Patients meeting the following criteria were included: (1) patients aged > 18 years and < 75 years with histologically/cytologically confirmed LUAD; (2) life expectancy > 6 months; (3) patients without surgical operation, chemotherapy, radiotherapy, biological therapy, and TCM treatment previously; (4) patients with Karnofsky (KPS) ≥ 60 and Eastern Cooperative Oncology Group (ECOG) ≤ 2.
Patients meeting one or more of the following criteria were excluded: (1) patients with any severe acute and chronic medical condition; (2) pregnant or breastfeeding women; (3) abnormal liver function (hemobilirubin > 1.5 ULN [upper limit of average value], ALT, AST > 2.5 ULN), kidney function (serum creatinine > 1.5 ULN), and blood picture (hemoglobin < 100 g/L, white blood cell < 4 × 10^9^/L, neutrophils < 2 × 10^9^/L, platelet < 100 g/L).

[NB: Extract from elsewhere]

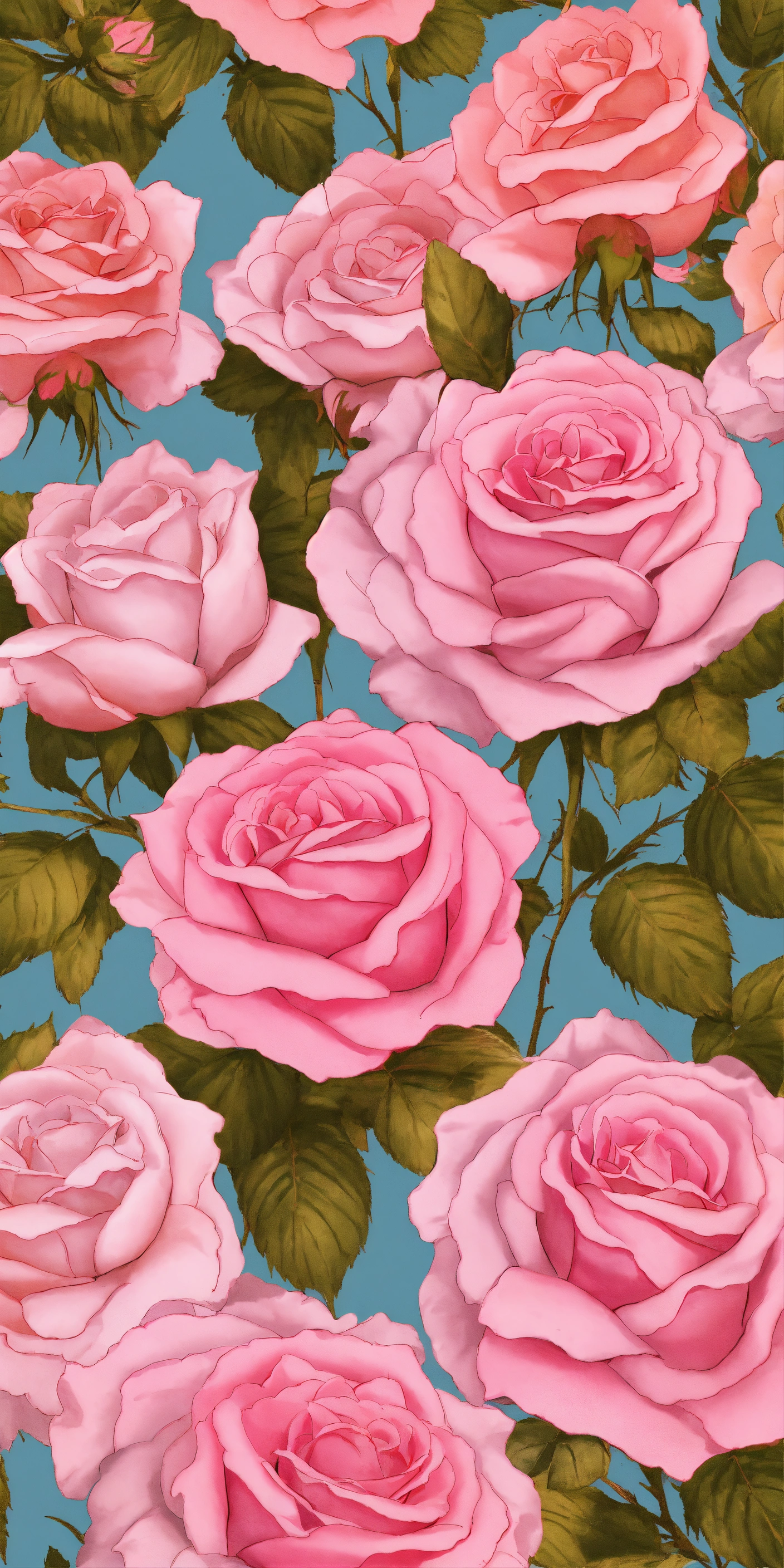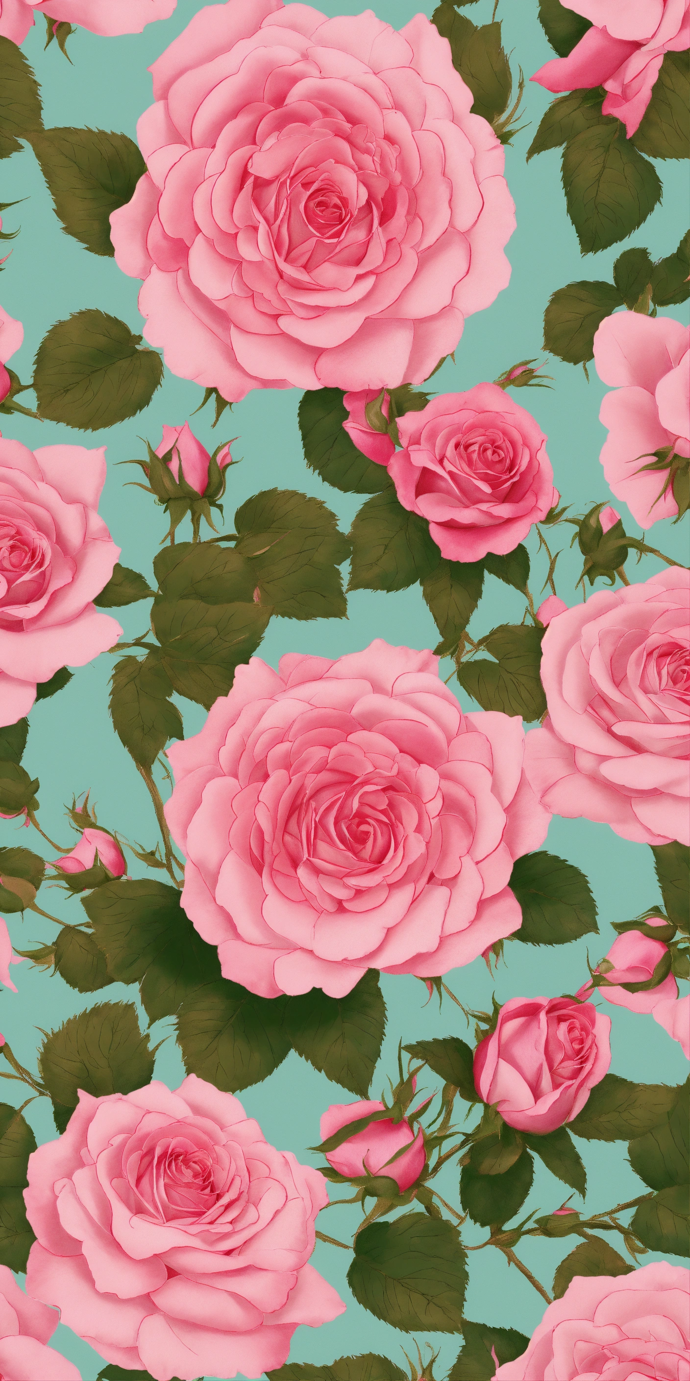 Create a seamless pattern using many small pink roses on a contrasting pastel background, design illustration color drawing, 16k

The TCM syndrome was judged with characteristics according to the Chinese Medical Constitution 2008, Issued by the Chinese Association of TCM and TCM Clinical Diagnosis and Treatment Terminology. Meanwhile, the results were confirmed by three Professors of TCM. This study was approved with informed consent by the ethics committee of Tongde Hospital, Taizhou Hospital, and Cancer Hospital.
Sample Collection and PBMC Isolation
2.2
After overnight fasting, 10 mL of peripheral blood was collected in an EDTA tube and stored at −80°C. Before analysis, the peripheral blood samples were thawed to room temperature. An aliquot of 300 μL plasma samples was placed in 1.5 mL Eppendorf tubes and added 900 μL FACS Lysing Solution. After 10 min, each sample was centrifuged at 3000 rpm for 15 min. Then, the supernatant was removed, and the residue was resuspended in a solution (90% FBS and 10% DMSO) and stored in liquid nitrogen.
RNA‐seq Analysis
2.3
Qubit 2.0 (Life Technologies, USA) and Bioanalyzer 2100 (Agilent, Germany) were used to analyze the quality and integrity of RNA. For library preparation, 3 μg of total RNA were captured by NEBNext Oligos (T) 25 beads (NEB, USA), sheared to yield fragments of ~250 bp, and reverse‐transcribed with NEBNext RNA first and second Strand Synthesis Module (NEB, USA). The products were end‐repaired, A‐tailed, ligated to Illumina sequencing adapters, and amplified by PCR. The sequencing library was qualified by Qubit 2.0 (Life Technologies, USA) and Bioanalyzer 2100 (Agilent, Germany), then sequenced on Illumina Hiseq X‐Ten with 2 × 150 bp paired‐end reads, which were controlled by Hiseq Control Software (HCS).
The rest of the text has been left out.